- Genre: Crime
- Written by: Troy Kennedy Martin Ian Kennedy Martin Elwyn Jones Nick McCarty
- Directed by: Raymond Menmuir Michael Apted Stephen Frears Mike Newell
- Starring: John Flanagan Heather Page Gareth Thomas Robert Urquart
- Country of origin: United Kingdom
- Original language: English
- No. of series: 1
- No. of episodes: 26

Production
- Producer: Terence Williams
- Running time: 30 minutes
- Production company: Yorkshire Television

Original release
- Network: ITV
- Release: 19 September 1969 – 20 March 1970

= Parkin's Patch =

British TV police series (1969–1970)

Parkin's Patch is a Yorkshire Television production that aired on ITV from 1969 to 1970. John Flanagan played PC Moss Parkin, a police constable in the North York Moors.

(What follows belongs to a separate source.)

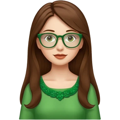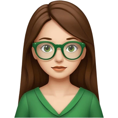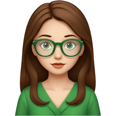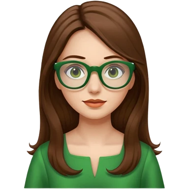 dark red log haired white woman with glasses and green eyes behind a computer dressed casually emoji

The series was filmed in the North York Moors as well as certain scenes being shot in Leeds, including parts around the Farm Hill estate in Meanwood.

==Cast==
- John Flanagan as Moss Parkin
- Heather Page as Beth Parkin
- Gareth Thomas as Ron Radley
- Robert Urquart as Chief Superintendent Atkinson
- John Malcolm as Mr. Reid
- Michael Robbins as Parry
- Malcolm Rogers as Collator
- Colin Prockter as Harold Anderson
- Len Jones as Terry
- Jack MacGowran as Danny Shea
- Keith Buckley as Peter Whiteside
- David Daker as Sergeant Milburn
- Tony Beckley as Curry
- Wallas Eaton as Moggs
- Ronald Lacey as Elliot
- Pauline Collins as Doreen Ashworth
- David Lodge as Sergeant Eldridge
- Joe Gladwin as Joe Shields
- Mona Washbourne as Mrs. Jackson
- Peter Sallis as Detective Chief Inspector Mitchem

==Reception==
===Critical response===
A. E., of the Birmingham Mail, praised the series for its particular charm, noting that it remained intact despite a move from an early Saturday slot to a later time on Fridays.